Brief => Reproduce the listing in full, exactly as written, but without images.

Records for the exercise =>
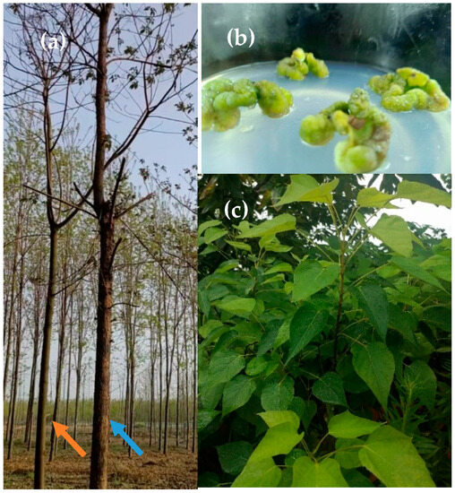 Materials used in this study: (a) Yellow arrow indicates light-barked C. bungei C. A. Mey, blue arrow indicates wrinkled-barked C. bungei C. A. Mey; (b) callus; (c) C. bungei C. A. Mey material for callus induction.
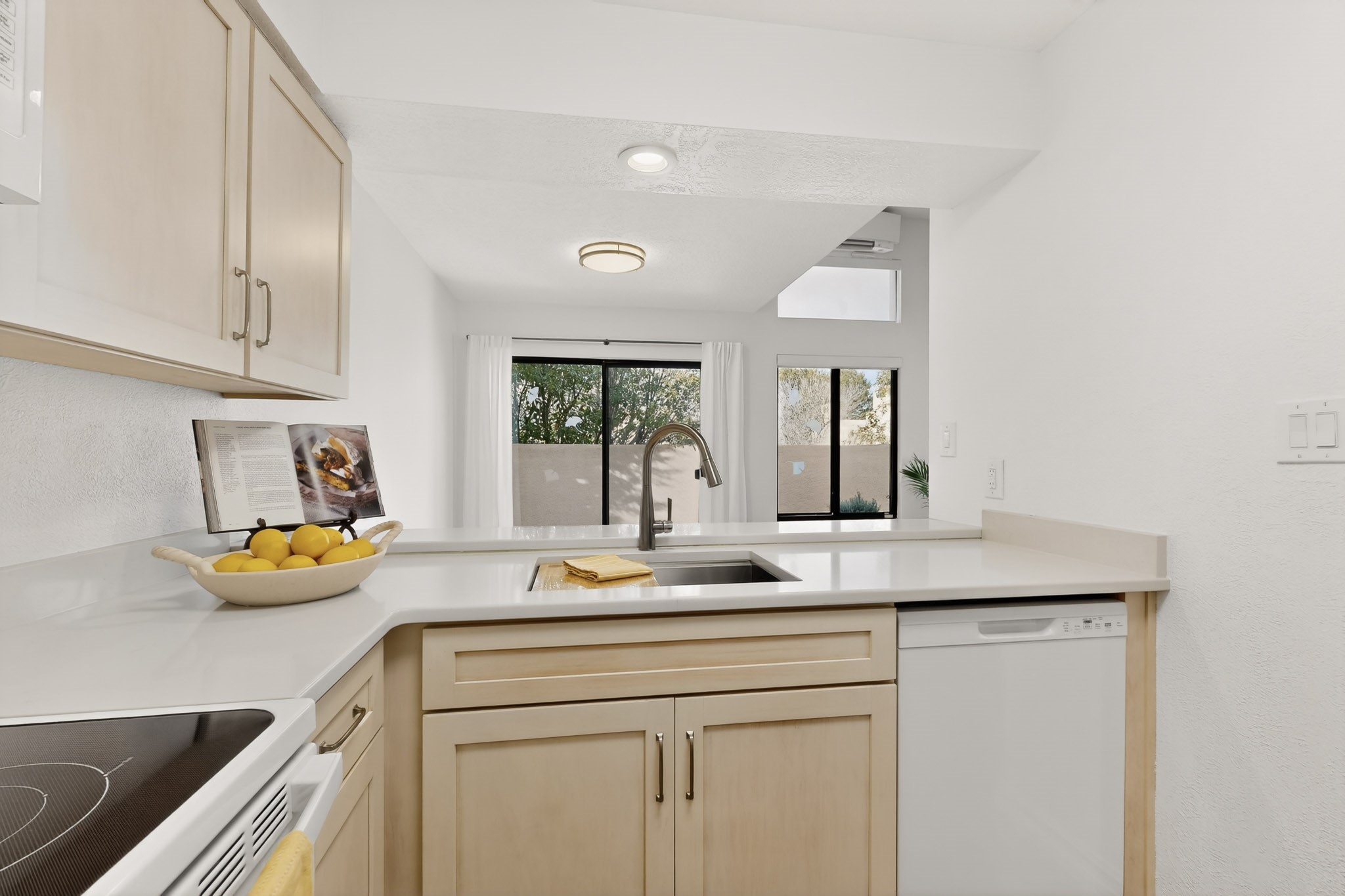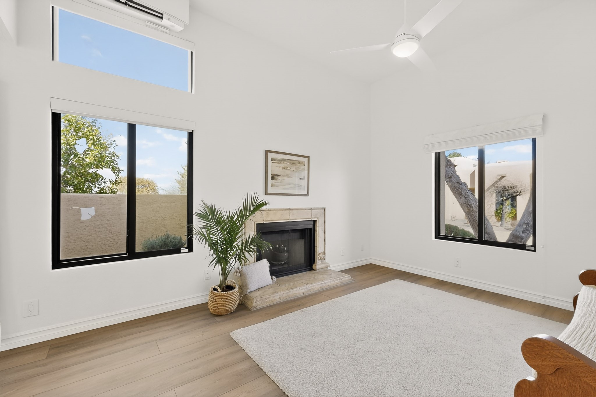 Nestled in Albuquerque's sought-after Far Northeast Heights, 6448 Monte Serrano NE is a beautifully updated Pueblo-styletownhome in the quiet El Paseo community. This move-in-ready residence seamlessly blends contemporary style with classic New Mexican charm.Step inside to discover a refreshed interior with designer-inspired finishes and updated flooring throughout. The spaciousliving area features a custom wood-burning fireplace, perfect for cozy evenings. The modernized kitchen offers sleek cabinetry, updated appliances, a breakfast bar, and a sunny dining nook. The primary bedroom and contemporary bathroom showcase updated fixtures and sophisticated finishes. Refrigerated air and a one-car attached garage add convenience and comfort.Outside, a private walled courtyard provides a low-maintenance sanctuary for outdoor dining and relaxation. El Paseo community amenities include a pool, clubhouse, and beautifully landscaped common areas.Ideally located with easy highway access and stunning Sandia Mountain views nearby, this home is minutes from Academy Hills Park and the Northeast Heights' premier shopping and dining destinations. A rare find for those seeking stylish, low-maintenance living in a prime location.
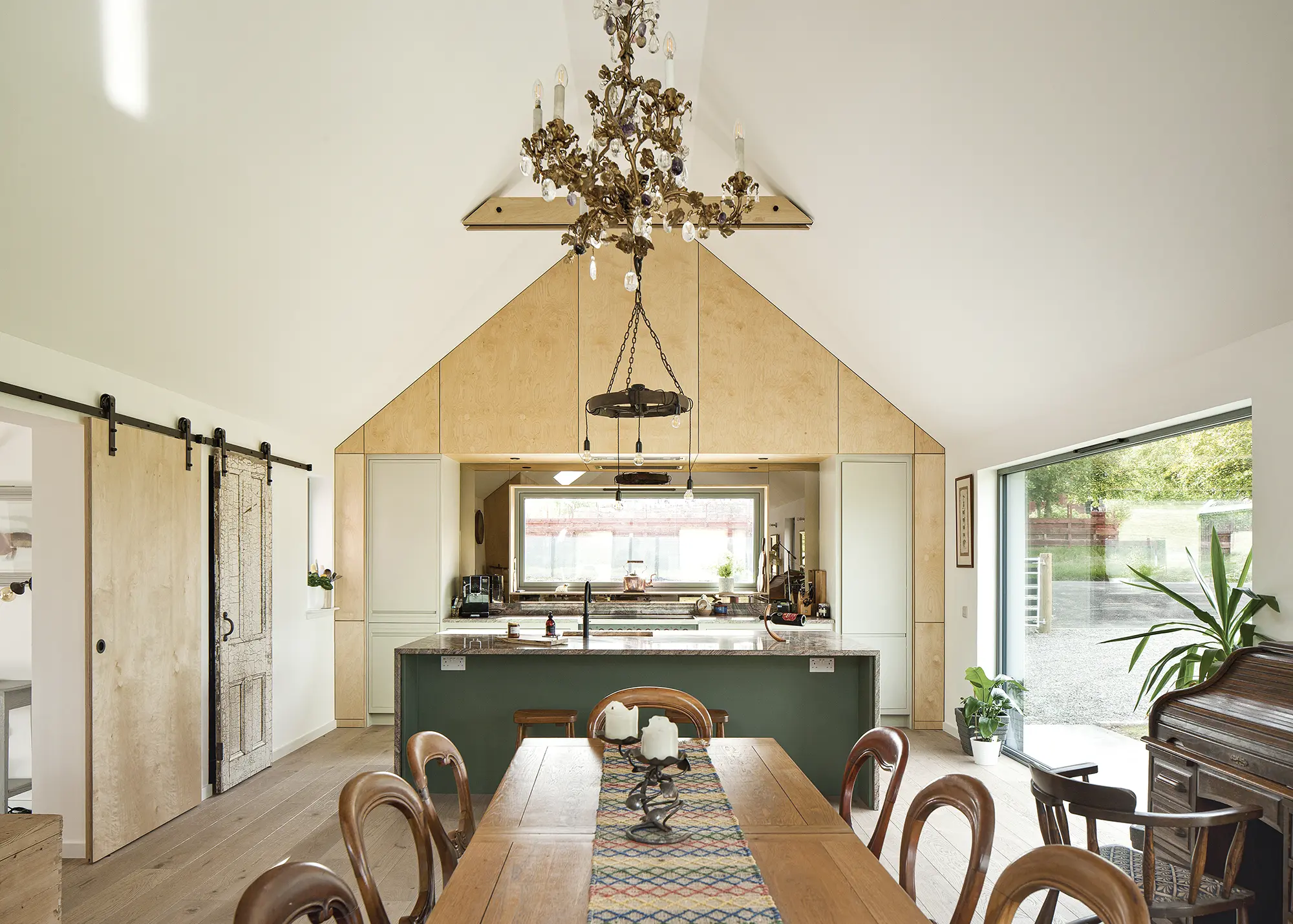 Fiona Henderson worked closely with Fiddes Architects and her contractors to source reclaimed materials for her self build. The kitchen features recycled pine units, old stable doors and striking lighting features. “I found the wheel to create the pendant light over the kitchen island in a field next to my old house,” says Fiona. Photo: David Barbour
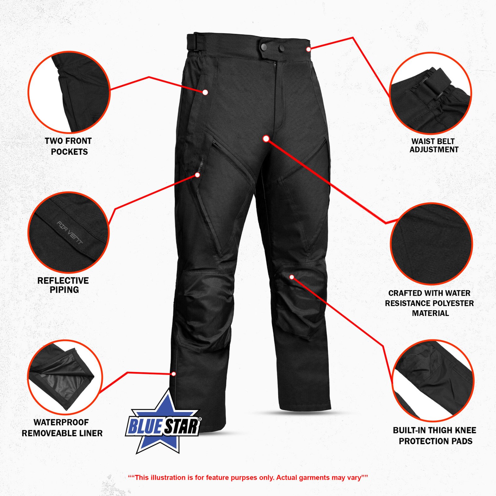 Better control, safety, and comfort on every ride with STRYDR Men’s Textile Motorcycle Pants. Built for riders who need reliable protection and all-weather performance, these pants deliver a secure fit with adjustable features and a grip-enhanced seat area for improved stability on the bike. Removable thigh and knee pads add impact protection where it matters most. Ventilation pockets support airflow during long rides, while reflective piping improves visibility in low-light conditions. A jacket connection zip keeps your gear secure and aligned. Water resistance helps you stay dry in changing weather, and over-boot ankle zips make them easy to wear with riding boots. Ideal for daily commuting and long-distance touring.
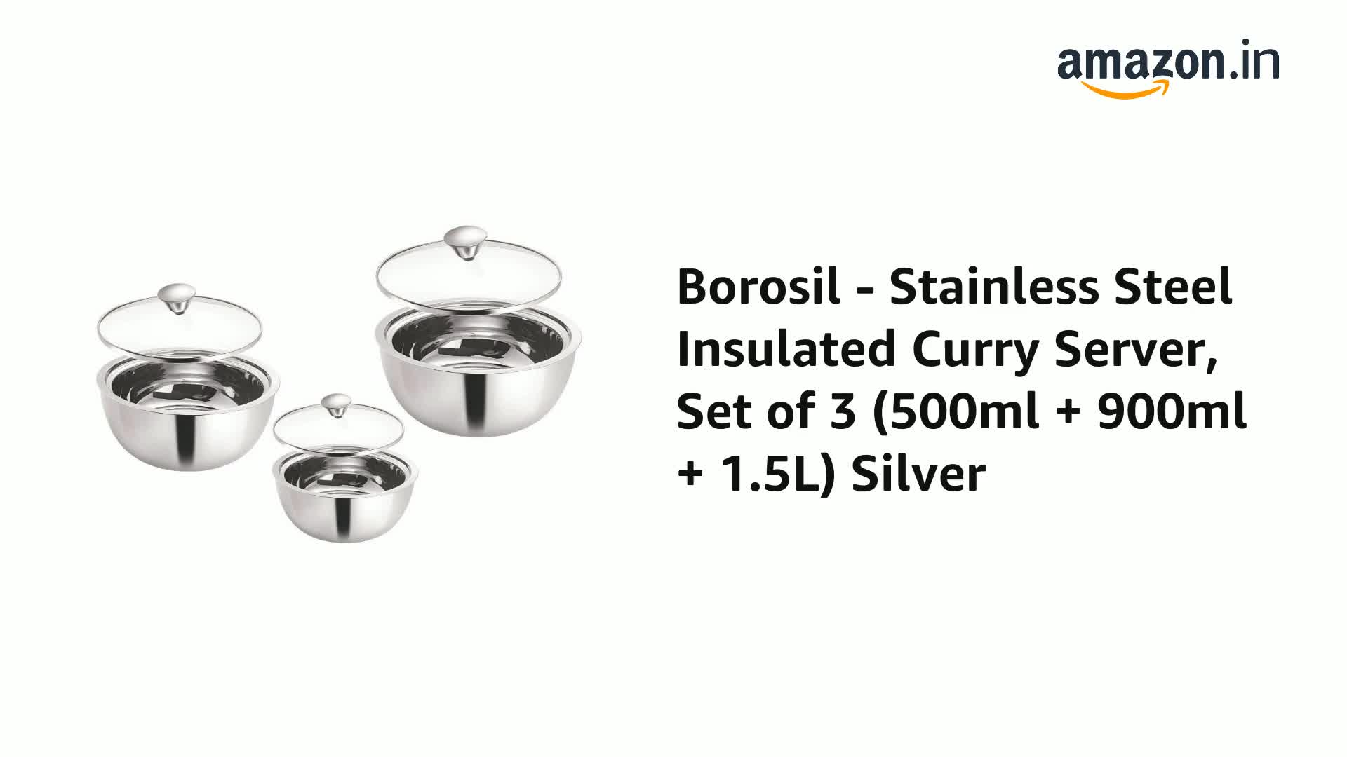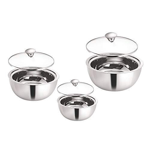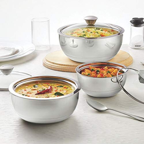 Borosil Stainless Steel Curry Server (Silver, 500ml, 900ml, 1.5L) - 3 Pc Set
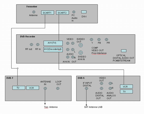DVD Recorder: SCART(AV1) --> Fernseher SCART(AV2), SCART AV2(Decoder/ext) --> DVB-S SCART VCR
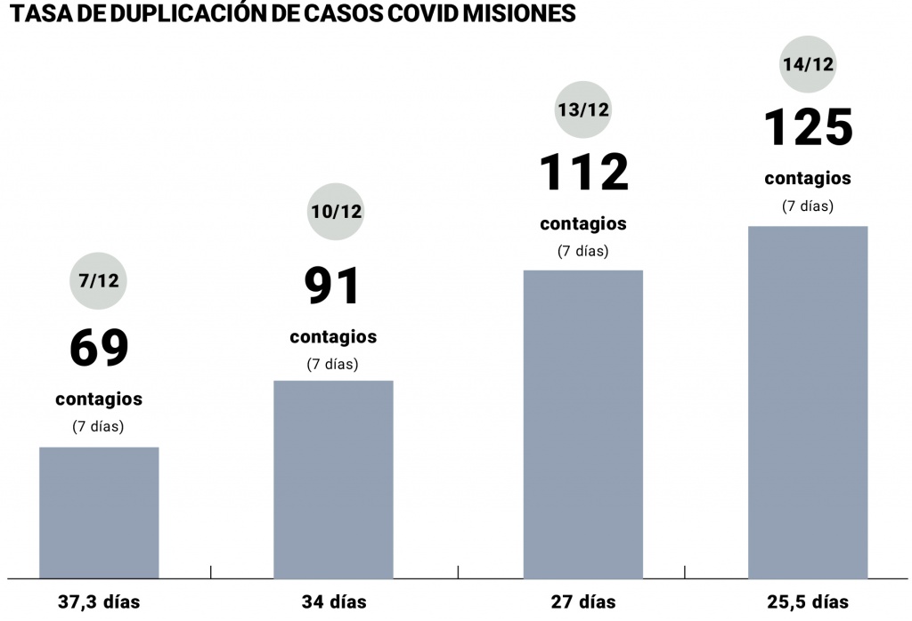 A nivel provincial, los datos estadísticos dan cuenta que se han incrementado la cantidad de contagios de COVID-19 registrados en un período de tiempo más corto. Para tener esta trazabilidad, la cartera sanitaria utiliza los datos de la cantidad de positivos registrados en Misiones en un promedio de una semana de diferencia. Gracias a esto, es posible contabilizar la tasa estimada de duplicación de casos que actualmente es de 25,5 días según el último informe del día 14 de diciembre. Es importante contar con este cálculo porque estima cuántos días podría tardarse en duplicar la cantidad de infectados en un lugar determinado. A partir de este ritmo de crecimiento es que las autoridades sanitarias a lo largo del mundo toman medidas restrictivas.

Task result =>
 Materials used in this study: (a) Yellow arrow indicates light-barked C. bungei C. A. Mey, blue arrow indicates wrinkled-barked C. bungei C. A. Mey; (b) callus; (c) C. bungei C. A. Mey material for callus induction.
 Nestled in Albuquerque's sought-after Far Northeast Heights, 6448 Monte Serrano NE is a beautifully updated Pueblo-styletownhome in the quiet El Paseo community. This move-in-ready residence seamlessly blends contemporary style with classic New Mexican charm.Step inside to discover a refreshed interior with designer-inspired finishes and updated flooring throughout. The spaciousliving area features a custom wood-burning fireplace, perfect for cozy evenings. The modernized kitchen offers sleek cabinetry, updated appliances, a breakfast bar, and a sunny dining nook. The primary bedroom and contemporary bathroom showcase updated fixtures and sophisticated finishes. Refrigerated air and a one-car attached garage add convenience and comfort.Outside, a private walled courtyard provides a low-maintenance sanctuary for outdoor dining and relaxation. El Paseo community amenities include a pool, clubhouse, and beautifully landscaped common areas.Ideally located with easy highway access and stunning Sandia Mountain views nearby, this home is minutes from Academy Hills Park and the Northeast Heights' premier shopping and dining destinations. A rare find for those seeking stylish, low-maintenance living in a prime location.
 Fiona Henderson worked closely with Fiddes Architects and her contractors to source reclaimed materials for her self build. The kitchen features recycled pine units, old stable doors and striking lighting features. “I found the wheel to create the pendant light over the kitchen island in a field next to my old house,” says Fiona. Photo: David Barbour
 Better control, safety, and comfort on every ride with STRYDR Men’s Textile Motorcycle Pants. Built for riders who need reliable protection and all-weather performance, these pants deliver a secure fit with adjustable features and a grip-enhanced seat area for improved stability on the bike. Removable thigh and knee pads add impact protection where it matters most. Ventilation pockets support airflow during long rides, while reflective piping improves visibility in low-light conditions. A jacket connection zip keeps your gear secure and aligned. Water resistance helps you stay dry in changing weather, and over-boot ankle zips make them easy to wear with riding boots. Ideal for daily commuting and long-distance touring.
 Borosil Stainless Steel Curry Server (Silver, 500ml, 900ml, 1.5L) - 3 Pc Set
DVD Recorder: SCART(AV1) --> Fernseher SCART(AV2), SCART AV2(Decoder/ext) --> DVB-S SCART VCR
 A nivel provincial, los datos estadísticos dan cuenta que se han incrementado la cantidad de contagios de COVID-19 registrados en un período de tiempo más corto. Para tener esta trazabilidad, la cartera sanitaria utiliza los datos de la cantidad de positivos registrados en Misiones en un promedio de una semana de diferencia. Gracias a esto, es posible contabilizar la tasa estimada de duplicación de casos que actualmente es de 25,5 días según el último informe del día 14 de diciembre. Es importante contar con este cálculo porque estima cuántos días podría tardarse en duplicar la cantidad de infectados en un lugar determinado. A partir de este ritmo de crecimiento es que las autoridades sanitarias a lo largo del mundo toman medidas restrictivas.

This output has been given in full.